A year ago today, the United States Supreme Court overturned the decades-old ruling in Roe v. Wade, wiping out the federal right to abortion care in the US. But as history has shown, abortions do not simply stop because laws change—they go underground, where it’s less safe for the people who seek them.
One of those subterranean places is the messaging app Telegram, where the number of groups and channels offering sales of abortion pills like mifepristone has grown substantially over the past 12 months, a WIRED investigation found. Sellers using apparent pseudonyms offer the drugs for around $135, on average, but there’s no guarantee that the pills buyers receive are what they say they are.
Even if you have no plans of patronizing a Telegram drug market, there’s no escaping the artificial intelligence boom.

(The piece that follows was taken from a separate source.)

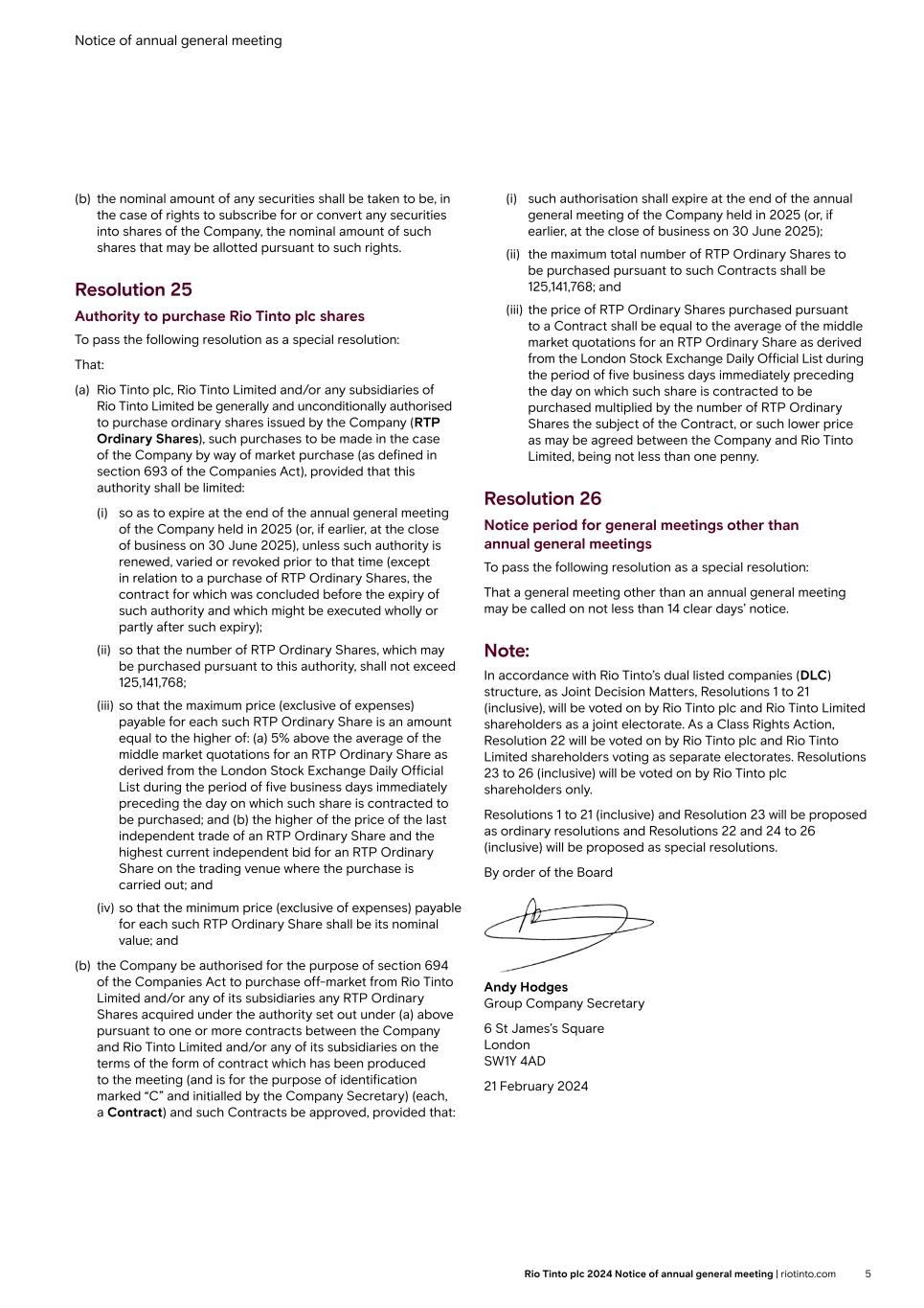 Notice of annual general meeting (b) the nominal amount of any securities shall be taken to be, in the case of rights to subscribe for or convert any securities into shares of the Company, the nominal amount of such shares that may be allotted pursuant to such rights. Resolution 25 Authority to purchase Rio Tinto plc shares To pass the following resolution as a special resolution: That: (a) Rio Tinto plc, Rio Tinto Limited and/or any subsidiaries of Rio Tinto Limited be generally and unconditionally authorised to purchase ordinary shares issued by the Company (RTP Ordinary Shares), such purchases to be made in the case of the Company by way of market purchase (as defined in section 693 of the Companies Act), provided that this authority shall be limited: (i) so as to expire at the end of the annual general meeting of the Company held in 2025 (or, if earlier, at the close of business on 30 June 2025), unless such authority is renewed, varied or revoked prior to that time (except in relation to a purchase of RTP Ordinary Shares, the contract for which was concluded before the expiry of such authority and which might be executed wholly or partly after such expiry); (ii) so that the number of RTP Ordinary Shares, which may be purchased pursuant to this authority, shall not exceed 125,141,768; (iii) so that the maximum price (exclusive of expenses) payable for each such RTP Ordinary Share is an amount equal to the higher of: (a) 5% above the average of the middle market quotations for an RTP Ordinary Share as derived from the London Stock Exchange Daily Official List during the period of five business days immediately preceding the day on which such share is contracted to be purchased; and (b) the higher of the price of the last independent trade of an RTP Ordinary Share and the highest current independent bid for an RTP Ordinary Share on the trading venue where the purchase is carried out; and (iv) so that the minimum price (exclusive of expenses) payable for each such RTP Ordinary Share shall be its nominal value; and (b) the Company be authorised for the purpose of section 694 of the Companies Act to purchase off-market from Rio Tinto Limited and/or any of its subsidiaries any RTP Ordinary Shares acquired under the authority set out under (a) above pursuant to one or more contracts between the Company and Rio Tinto Limited and/or any of its subsidiaries on the terms of the form of contract which has been produced to the meeting (and is for the purpose of identification marked “C” and initialled by the Company Secretary) (each, a Contract) and such Contracts be approved, provided that: (i) such authorisation shall expire at the end of the annual general meeting of the Company held in 2025 (or, if earlier, at the close of business on 30 June 2025); (ii) the maximum total number of RTP Ordinary Shares to be purchased pursuant to such Contracts shall be 125,141,768; and (iii) the price of RTP Ordinary Shares purchased pursuant to a Contract shall be equal to the average of the middle market quotations for an RTP Ordinary Share as derived from the London Stock Exchange Daily Official List during the period of five business days immediately preceding the day on which such share is contracted to be purchased multiplied by the number of RTP Ordinary Shares the subject of the Contract, or such lower price as may be agreed between the Company and Rio Tinto Limited, being not less than one penny. Resolution 26 Notice period for general meetings other than annual general meetings To pass the following resolution as a special resolution: That a general meeting other than an annual general meeting may be called on not less than 14 clear days’ notice. Note: In accordance with Rio Tinto’s dual listed companies (DLC) structure, as Joint Decision Matters, Resolutions 1 to 21 (inclusive), will be voted on by Rio Tinto plc and Rio Tinto Limited shareholders as a joint electorate. As a Class Rights Action, Resolution 22 will be voted on by Rio Tinto plc and Rio Tinto Limited shareholders voting as separate electorates. Resolutions 23 to 26 (inclusive) will be voted on by Rio Tinto plc shareholders only. Resolutions 1 to 21 (inclusive) and Resolution 23 will be proposed as ordinary resolutions and Resolutions 22 and 24 to 26 (inclusive) will be proposed as special resolutions. By order of the Board Andy Hodges Group Company Secretary 6 St James’s Square London SW1Y 4AD 21 February 2024 5Rio Tinto plc 2024 Notice of annual general meeting | riotinto.com

If the doomsayers are correct, society is about to be inundated with AI-fueled misinformation, deepfakes, and more. But psychologists say humanity is simply not mentally ready for this new era, and researchers have only begun to explore what it means for our brains to live in a “post-truth world.”
Your new car isn’t just a car—it’s a smartphone on wheels. As vehicles have become increasingly computer-controlled, so too has the amount of data carmakers can collect about drivers. We dove into the most popular vehicles in the US to suss out exactly how much of your privacy you’re giving up when you sit behind the wheel.
Of course, phones themselves aren’t any better for your privacy, especially when law enforcement gets involved. Documents recently obtained by the ACLU show the extent the FBI will go to to keep police from revealing details about cell-site simulators, which are used to surveil a target’s phone. Despite the fact that the existence of these devices, also known as “Stingrays,” has been public for years, the FBI requires cops to keep their use a secret, both from suspects and the courts.